EXERCISE BRIEF:
Reproduce the records below exactly from their first line through the line containing "岡山県産 フルーツジャム 2本", omitting all pictures.

Stored data entries
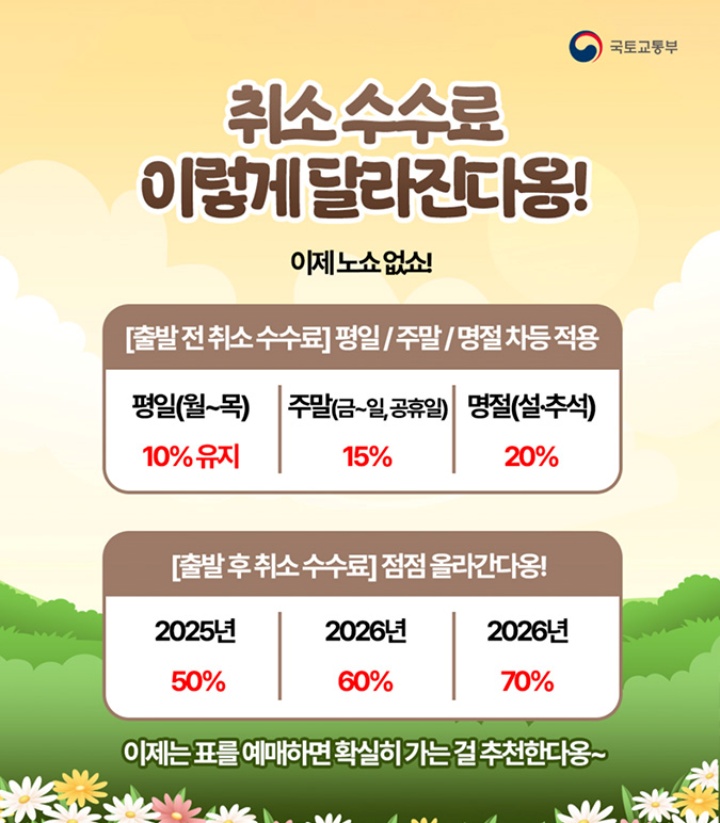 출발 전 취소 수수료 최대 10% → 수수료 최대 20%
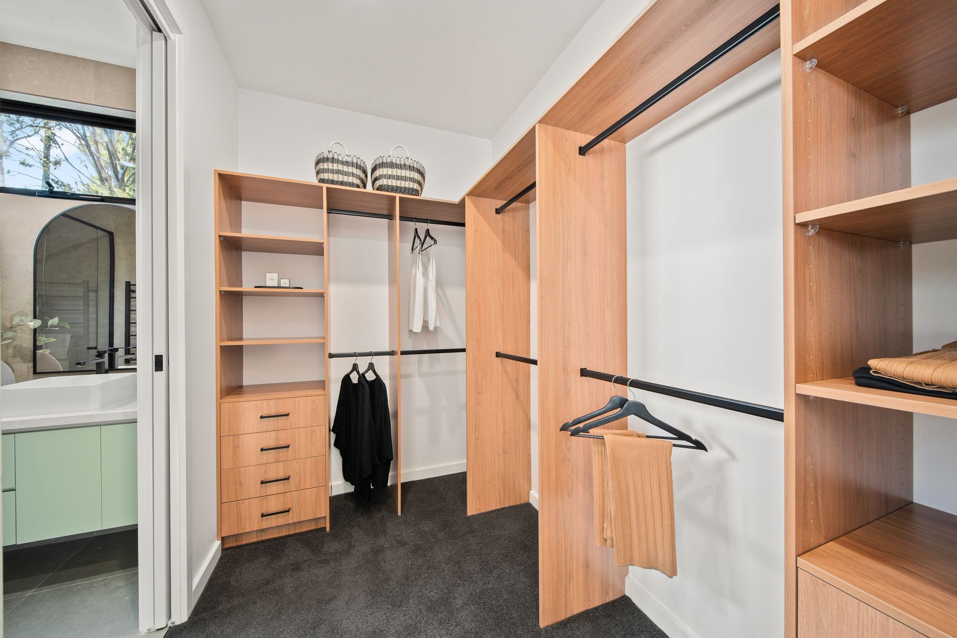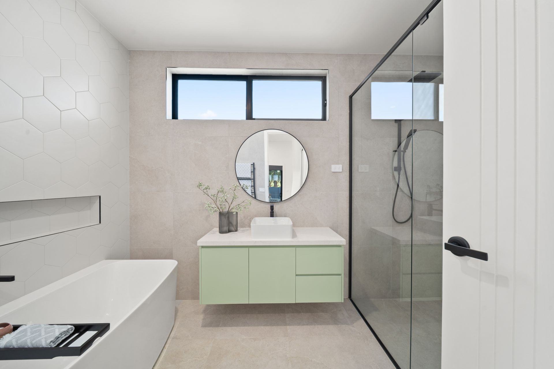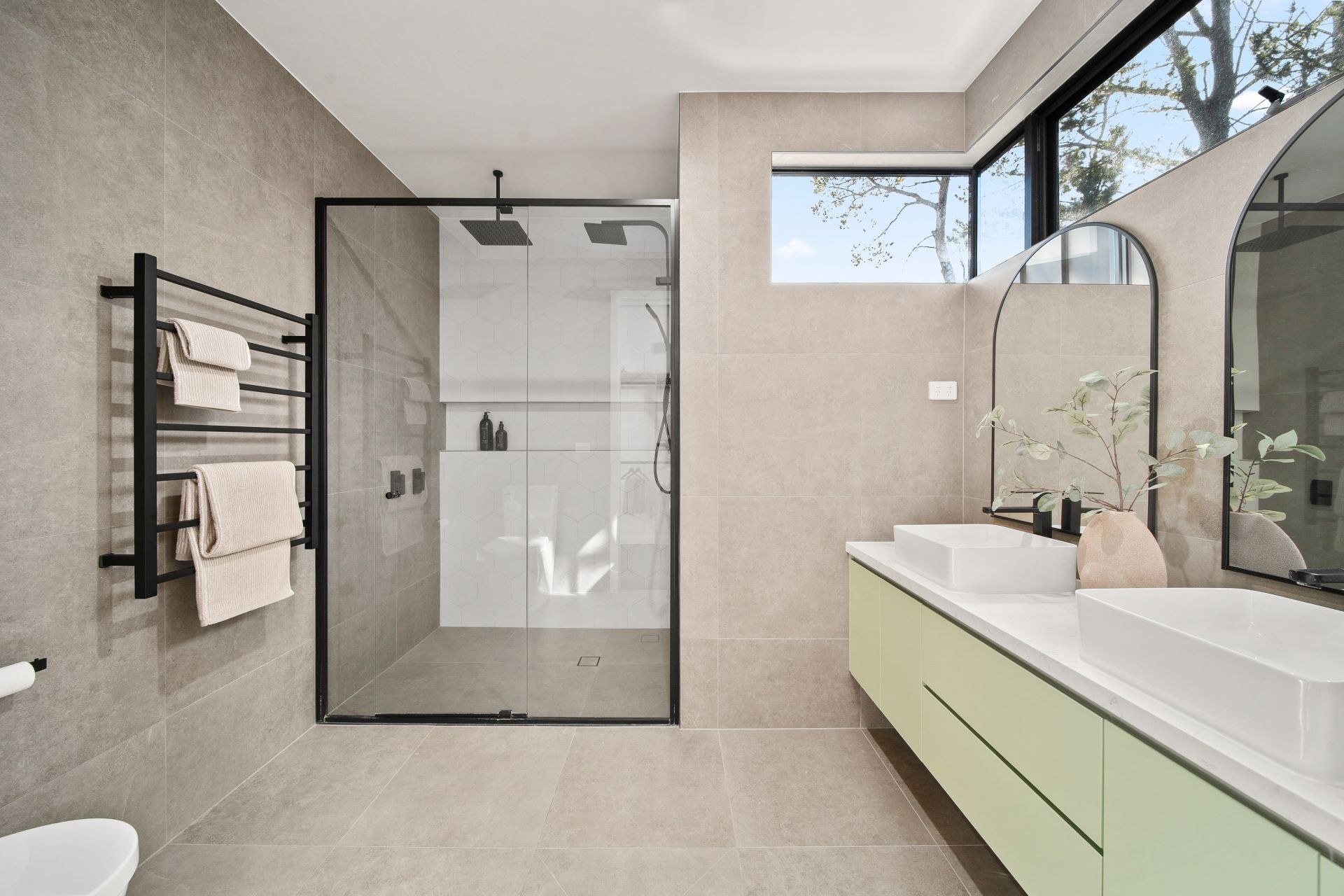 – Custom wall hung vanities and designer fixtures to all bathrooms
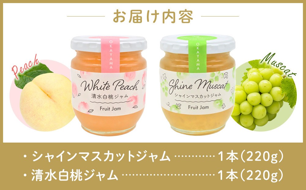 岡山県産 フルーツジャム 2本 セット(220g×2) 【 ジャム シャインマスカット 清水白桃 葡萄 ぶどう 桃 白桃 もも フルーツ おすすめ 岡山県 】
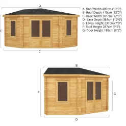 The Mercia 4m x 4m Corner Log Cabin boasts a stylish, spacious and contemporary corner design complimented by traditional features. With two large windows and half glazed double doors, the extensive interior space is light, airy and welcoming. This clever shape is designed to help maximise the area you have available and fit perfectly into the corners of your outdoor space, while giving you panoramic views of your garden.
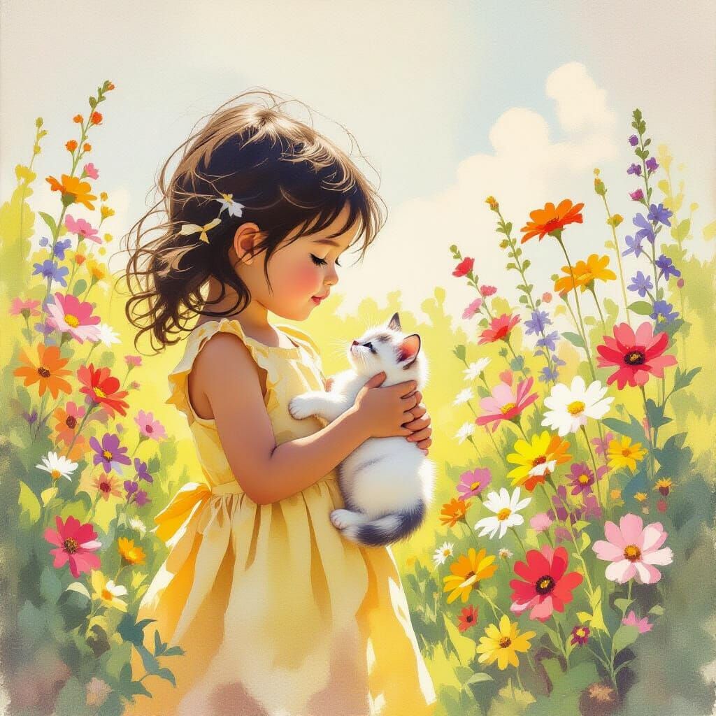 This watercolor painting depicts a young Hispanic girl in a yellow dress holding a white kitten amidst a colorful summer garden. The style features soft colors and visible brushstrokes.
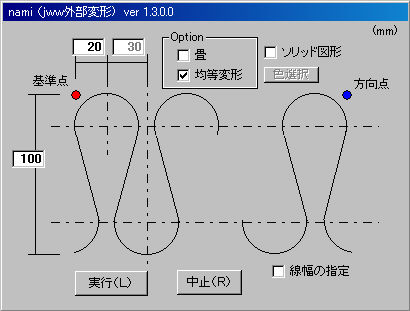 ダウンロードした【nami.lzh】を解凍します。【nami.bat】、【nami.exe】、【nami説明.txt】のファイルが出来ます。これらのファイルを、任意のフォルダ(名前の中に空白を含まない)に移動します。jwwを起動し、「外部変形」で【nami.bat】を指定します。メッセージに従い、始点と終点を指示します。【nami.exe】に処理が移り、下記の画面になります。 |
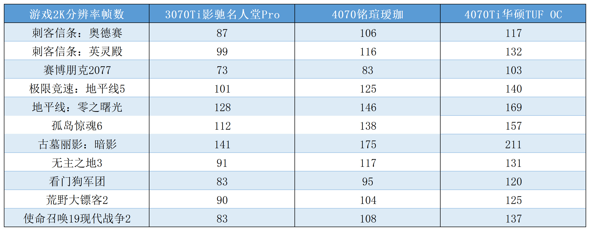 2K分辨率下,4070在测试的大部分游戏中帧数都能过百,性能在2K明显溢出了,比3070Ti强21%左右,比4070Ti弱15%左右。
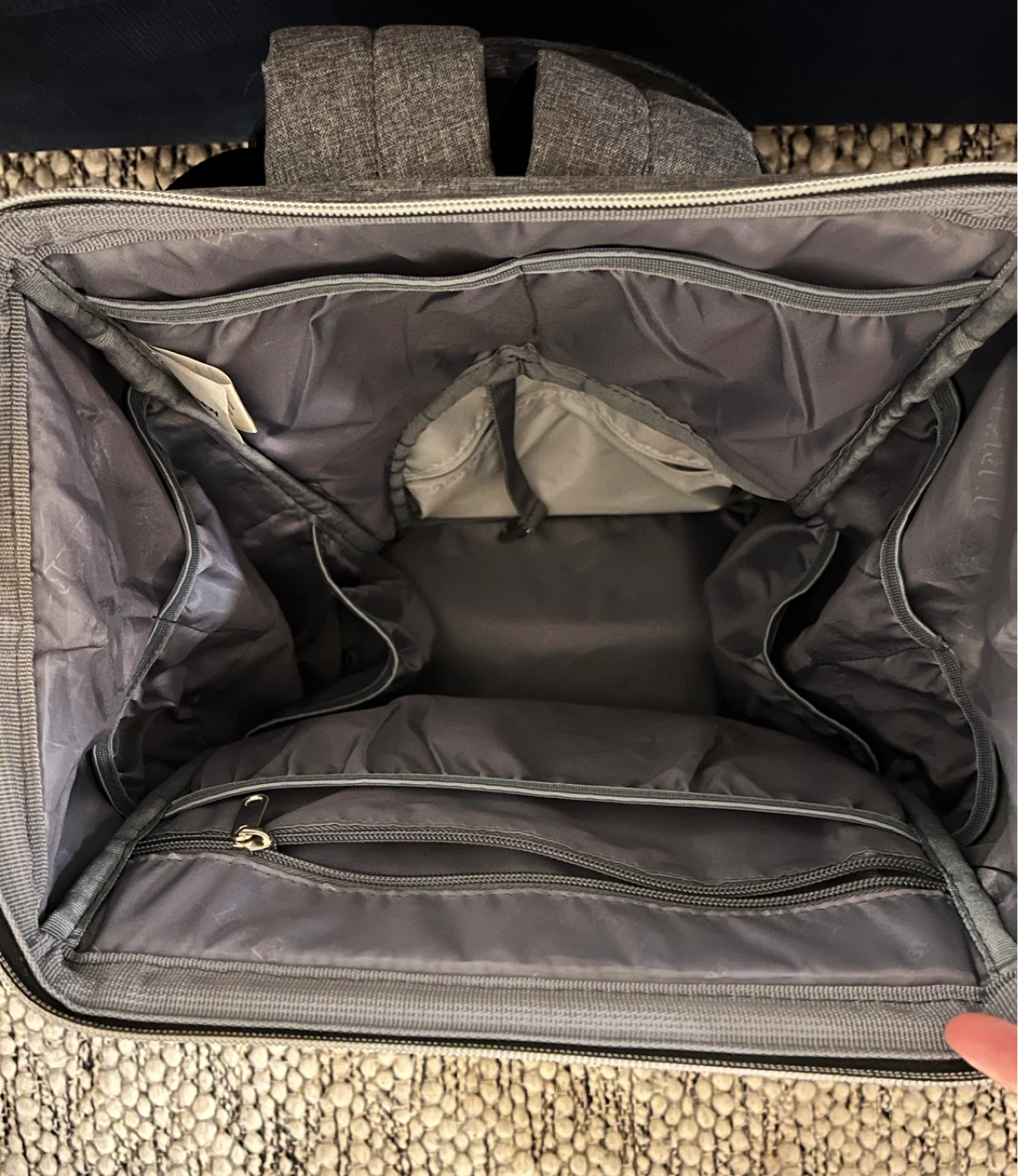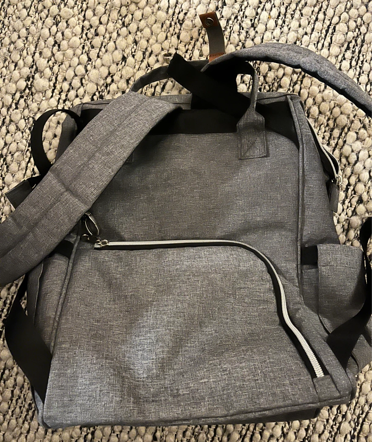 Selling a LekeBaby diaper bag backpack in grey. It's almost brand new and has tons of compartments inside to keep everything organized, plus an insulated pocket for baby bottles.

SOLUTION FOR THIS EXERCISE:
 출발 전 취소 수수료 최대 10% → 수수료 최대 20%
 – Custom wall hung vanities and designer fixtures to all bathrooms
 岡山県産 フルーツジャム 2本 セット(220g×2) 【 ジャム シャインマスカット 清水白桃 葡萄 ぶどう 桃 白桃 もも フルーツ おすすめ 岡山県 】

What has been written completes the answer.